GNSS positioning. Orbis can now recover a receiver position from pseudoranges against precise or broadcast ephemeris, with the supporting ephemeris, correction, time, and data-fetch layers.

Added

  • Orbis.GNSS.Positioning — single-point positioning (SPP). Solves a receiver position, clock, and geometry diagnostics from one epoch of pseudoranges against either an Orbis.GNSS.SP3 precise product or an Orbis.GNSS.Broadcast handle. Multi-constellation (GPS / Galileo / BeiDou / GLONASS) solves carry one receiver clock per system; the solution reports position, geodetic position, per-system clocks, DOP, residuals, used/rejected satellites, and solver metadata.
  • Orbis.GNSS.SP3 — SP3-c/SP3-d precise orbit/clock loading and arbitrary-epoch satellite position/clock interpolation, plus satellite_ids/1 to read the product's declared satellite set.
  • Orbis.GNSS.Constellation — a GPS constellation catalog built from CelesTrak gps-ops OMM identity and an optional NAVCEN status/SVN overlay (PRN ↔ SVN ↔ NORAD ↔ SP3 id, active/usable flags).

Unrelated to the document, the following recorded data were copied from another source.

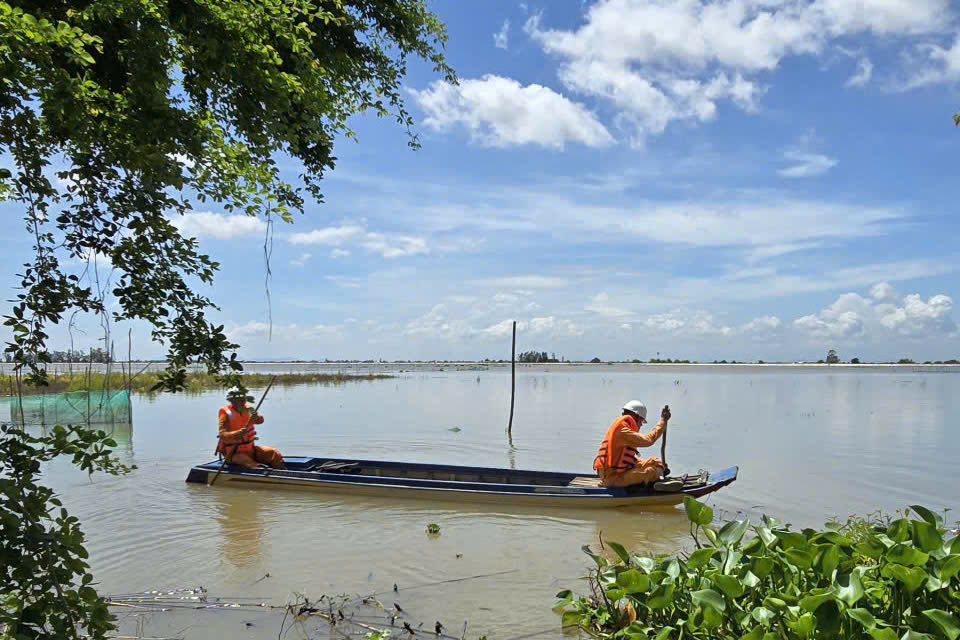 Thời gian qua, trên địa bàn huyện xảy ra 26 điểm sạt lở đất bờ sông, kênh, làn ảnh hưởng đến 12 trụ điện và 02 trạm biến áp. Ngoài ra, vào tối ngày 11-9-2025, mưa giông, lốc xoáy làm 5 căn nhà tại An Phú bị sập và tốc mái, ước thiệt hại trên 720 triệu đồng. Đội triển khai kế hoạch “4 tại chỗ” – chỉ huy tại chỗ, lực lượng tại chỗ, vật tư tại chỗ, phương tiện tại chỗ – để kịp thời ứng phó, đảm bảo an toàn tuyệt đối cho con người và thiết bị trong mọi tình huống. Phối hợp với Ban Chỉ huy Phòng thủ dân sự 05 xã: Phú Hữu, Khánh Bình, Nhơn Hội, An Phú, Vĩnh Hậu, trong công tác thống kê, kiểm đếm các vị trí xảy ra sạt lở, đồng thời huy động lực lượng gia cố, duy tu các vị trí có nguy cơ xảy ra sự cố. Cập nhật thường xuyên bản đồ vùng ngập, bản tin dự báo cảnh báo thủy văn, biểu đồ mực nước cao nhất ngày mùa lũ, bố trí lực lượng ứng trực 24/24, kiểm tra các tuyến đường dây, trạm biến áp, đặc biệt là khu vực phụ tải lới, trọng điểm như cơ quan nhà nước, khu dân cư, trường học, chợ và vùng nuôi trồng thủy sản.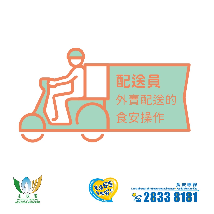 隨著外賣訂餐日漸普及,在配送外賣食品時,配送員除須遵守衛生防疫指引外,更須注意各項食品安全須知。將熱食存於保溫箱,生冷即食食品存於冷藏設備中,盡量避免長時間置放在炎熱天氣日曬雨淋,安全地把食品送到目的地。此外,亦須定期清潔消毒配送設備(如車輛及保溫箱等);配送員若身體不適,應暫停接觸食品及盡快求醫。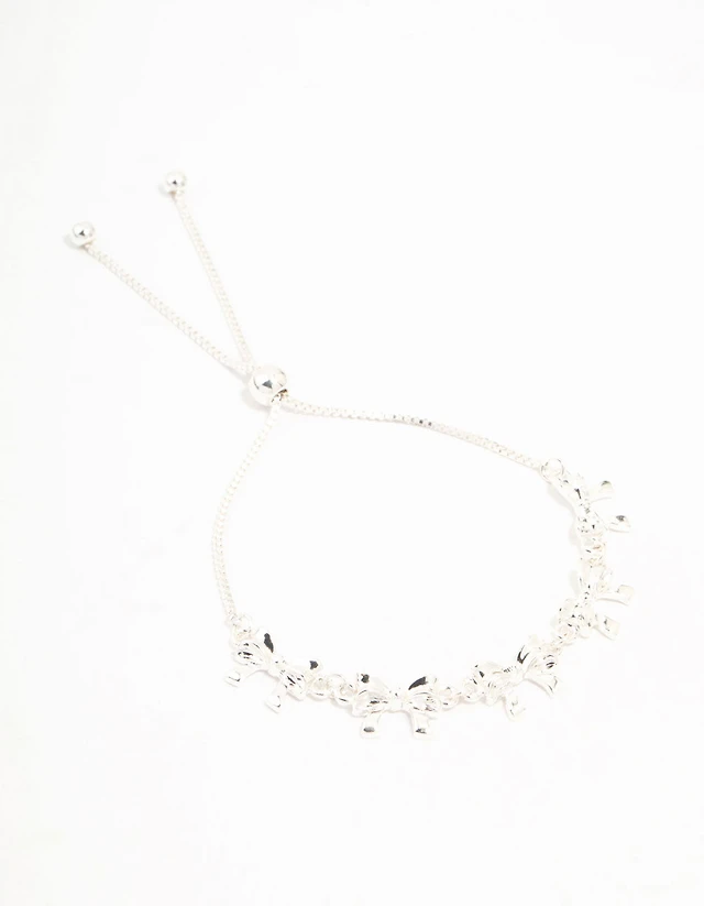 Silver Plated Bow Strip Charm Toggle Bracelet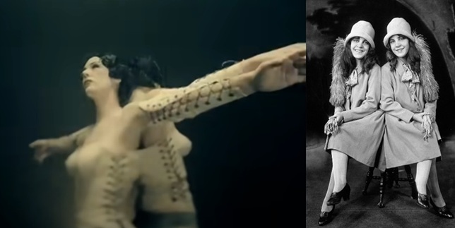 The conjoined women is an artistic representation of conjoined twins. In the 19th century, it was very common for circuses to feature freak shows, where human oddities were presented to the audience to gawk at. Conjoined twins are one example of the kinds of people that were featured. One famous example of that can be seen in the movie Freaks, which is about a travelling circus freak show that features conjoined twins in the roster. The women who played the conjoined twins were actual conjoined twins themselves, Daisy and Violet Hilton, who were born joined by the hip and buttocks. In the early 20th century, they worked as vaudeville performers, singing, playing instruments, and dancing. At the height of their career, they were the highest paid act in vaudeville.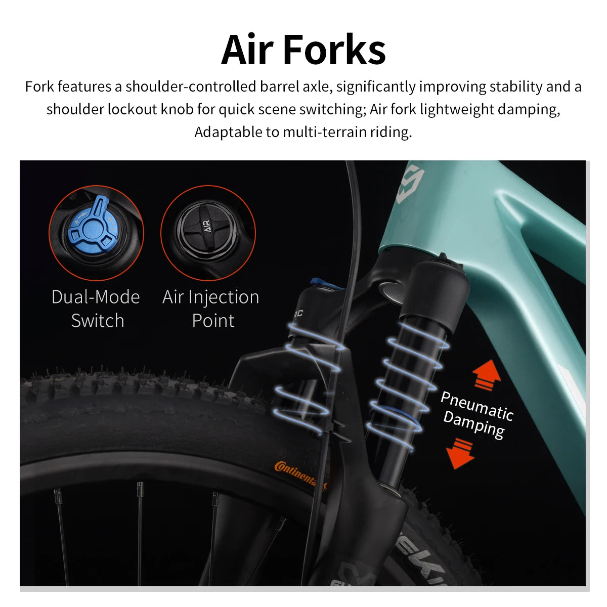 - Front Fork Type: Oil and Gas Fork (Air Resilience/Oil Damping)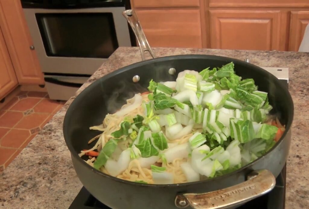 Once the vegetables have sautéed for a few minutes, add the drained egg noodles directly into the pan, using tongs to gently lift and separate them so they combine with the onions, mushrooms and carrots. Scatter the quartered baby bok choy over the top, positioning some of the white stems against the bottom of the pan so they have a chance to soften while the leafy tops wilt.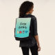 A backpack with the words: "Crazy Cat Lady" written in a trendy font. 4 cute cats below the text. Each cat has a unique personality. One is a cool cat with sunglasses and a tie, another is a sleepy cat, one is a staring cat, and one is a playful cat scrunched up in a box looking ready to pounce. Set on a green colored backdrop.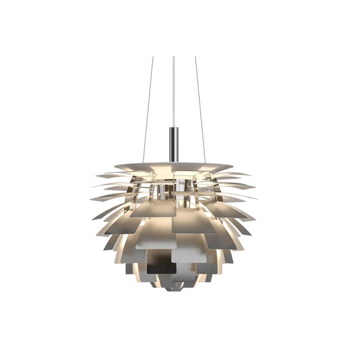 A dynamic-looking light by Copenhagen-born Poul Henningsen, the small PH Artichoke Pendant Light in a brushed stainless steel finish was originally designed in 1958 and has since been crafted by Denmark's prestigious lighting manufacturer Louis Poulsen. Originally designed for the Langelinie Pavillonen restaurant in Copenhagen, the instantly recognisable pendant features 72 brushed stainless steel leaves precisely positioned across 12 rows to offer completely glare-free glow throughout any space. Crafted largely by hand at Louis Poulsen's workshop in Denmark, the pendant is completed with a chrome-plated laser-cut steel frame, suspended from chrome-plated spun aluminium cables and is finished with a coordinating ceiling rose. Forming a lifelong collaboration with Louis Poulsen in 1925, Poul Henningsen is renowned across the globe for his innovative and radical approach to all his creative practices. A pioneer of Danish design, Henningsen also turned his hand to journalism and architecture throughout his career. Require: 1 x Max 60W E27 bulb (not included).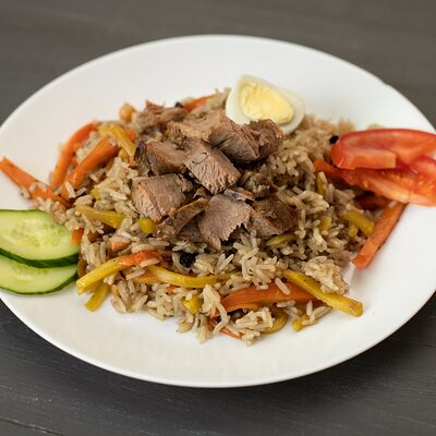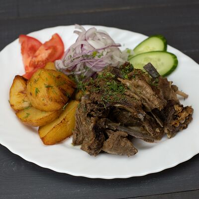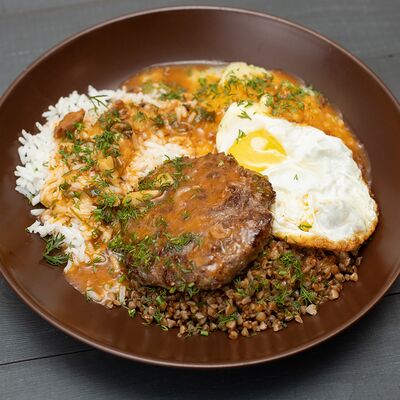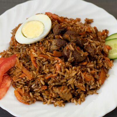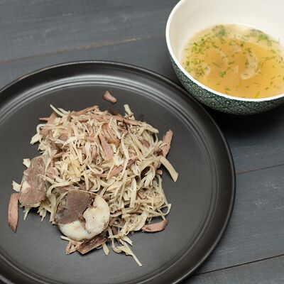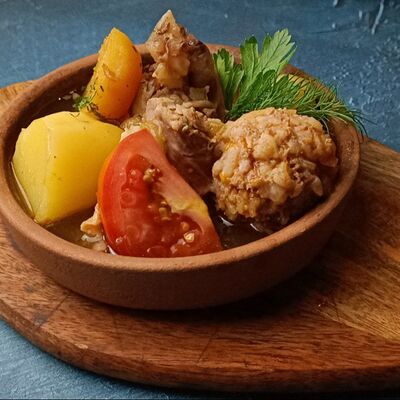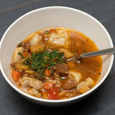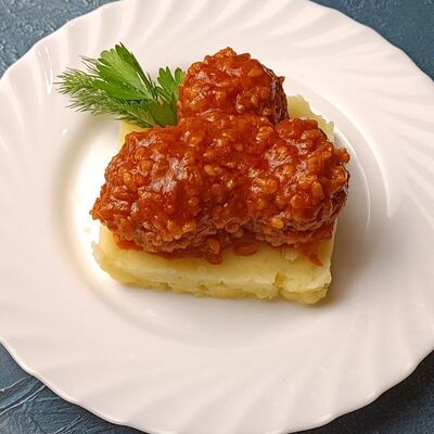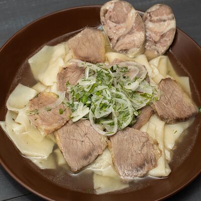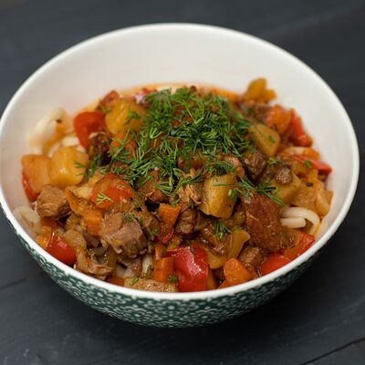 Тефтели из говяжьего фарша в томатном соусе, лапша домашняя ручной лепки, специи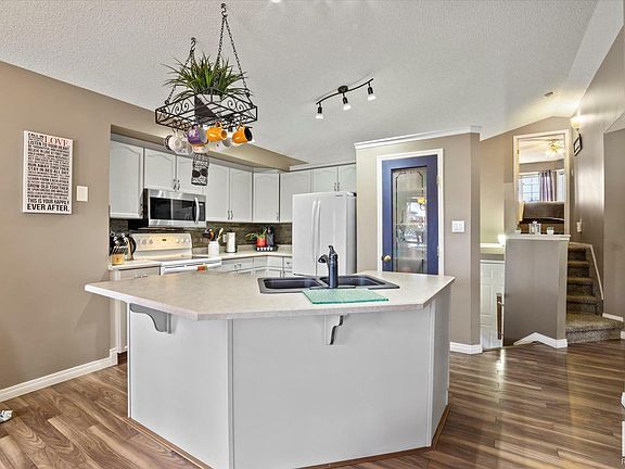 Looking for a spacious heated attached garage to work on your hobbies? How about 28 ft X 23 ft interior measurements!! Your search ends here with this modified bi-level boasting A/C in the coveted Creekside area. Step into a welcoming foyer featuring wide staircases leading both up and down. The main level seamlessly transitions with an open-concept kitchen and living area and vaulted ceilings, perfect for effortless entertaining. Additionally, find a second bedroom and 4-piece bath on this level. Ascend the stairs to your expansive private primary bedroom, complete with its own 4-piece ensuite and stunning windows. The well-lit basement offers a fantastic family area, a third bedroom, and a 3-piece bathroom. Outside, enjoy a fully fenced yard, a fantastic two-tiered deck, and a hot tub for those chilly evenings. Some upgrades include shingles 2018, H/W tank 2022 and hot tub 2020.

Merges sources only when the block type matches, recording PRN-transition disagreements as conflicts rather than corrupting identity; exports the compact mapping CSV and validates a catalog (duplicate PRNs/NORAD ids, inactive/unusable PRNs, and missing/extra satellites against a loaded Orbis.GNSS.SP3 product).
  • Orbis.GNSS.Broadcast — RINEX 3.x and 4.xx navigation parsing and broadcast orbit/clock evaluation: GPS LNAV, Galileo I/NAV and F/NAV, BeiDou D1/D2 (including geostationary satellites), and GLONASS (PZ-90.11 state-vector propagation by Runge–Kutta integration).
  • Orbis.GNSS.Ionosphere (broadcast Klobuchar, frequency-aware across L1/E1/B1I) and Orbis.GNSS.Troposphere (Saastamoinen zenith delay + Niell mapping) correction models.
  • Orbis.GNSS.Data — an optional product fetch/cache layer: a catalog over public archives, HTTPS (Req) and FTP downloads, an atomic on-disk cache with SHA-256 integrity and provenance sidecars, a gzip-bomb guard, and an offline mode. Includes convenience loaders that return Orbis.GNSS.SP3 / Orbis.GNSS.Broadcast handles. Req is an optional dependency.
  • Orbis.GNSS.Time — GNSS epoch/seconds-of-week and day-of-year helpers.

Notes

  • The GNSS numerical core lives in the Rust astrodynamics / astrodynamics-gnss crate layer. Its libm-bound components (orbit and clock evaluation, ionosphere, troposphere, dilution of precision) are held to bit-exact (0 ULP) parity against pinned Python references; broadcast orbits are additionally validated against precise SP3 products. The least-squares solver's final position is a sub-micron solver-agreement result, not a 0-ULP claim.

Releases before 0.7.0 predate this changelog.